Extracted material >>
....

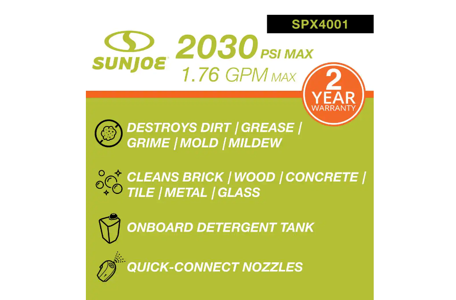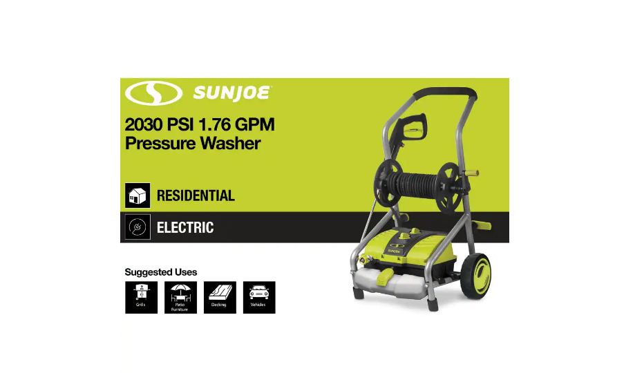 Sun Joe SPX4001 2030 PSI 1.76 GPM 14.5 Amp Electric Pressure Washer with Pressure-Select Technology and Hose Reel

....

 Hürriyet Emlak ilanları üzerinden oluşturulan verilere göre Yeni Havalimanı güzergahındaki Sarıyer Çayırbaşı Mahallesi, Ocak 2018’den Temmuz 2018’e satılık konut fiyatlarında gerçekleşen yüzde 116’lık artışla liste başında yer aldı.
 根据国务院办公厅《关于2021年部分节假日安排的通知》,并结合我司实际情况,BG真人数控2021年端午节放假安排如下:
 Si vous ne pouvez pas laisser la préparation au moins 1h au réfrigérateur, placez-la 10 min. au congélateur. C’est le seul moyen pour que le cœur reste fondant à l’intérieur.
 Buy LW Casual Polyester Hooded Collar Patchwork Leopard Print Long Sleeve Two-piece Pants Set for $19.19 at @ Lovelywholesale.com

....

What is expected >> Taking the line with "Hürriyet Emlak ilanları" as the first and the line with "Buy LW Casual" as the last, retype that stretch of the data above exactly, with no other lines.

Answer >>
 Hürriyet Emlak ilanları üzerinden oluşturulan verilere göre Yeni Havalimanı güzergahındaki Sarıyer Çayırbaşı Mahallesi, Ocak 2018’den Temmuz 2018’e satılık konut fiyatlarında gerçekleşen yüzde 116’lık artışla liste başında yer aldı.
 根据国务院办公厅《关于2021年部分节假日安排的通知》,并结合我司实际情况,BG真人数控2021年端午节放假安排如下:
 Si vous ne pouvez pas laisser la préparation au moins 1h au réfrigérateur, placez-la 10 min. au congélateur. C’est le seul moyen pour que le cœur reste fondant à l’intérieur.
 Buy LW Casual Polyester Hooded Collar Patchwork Leopard Print Long Sleeve Two-piece Pants Set for $19.19 at @ Lovelywholesale.com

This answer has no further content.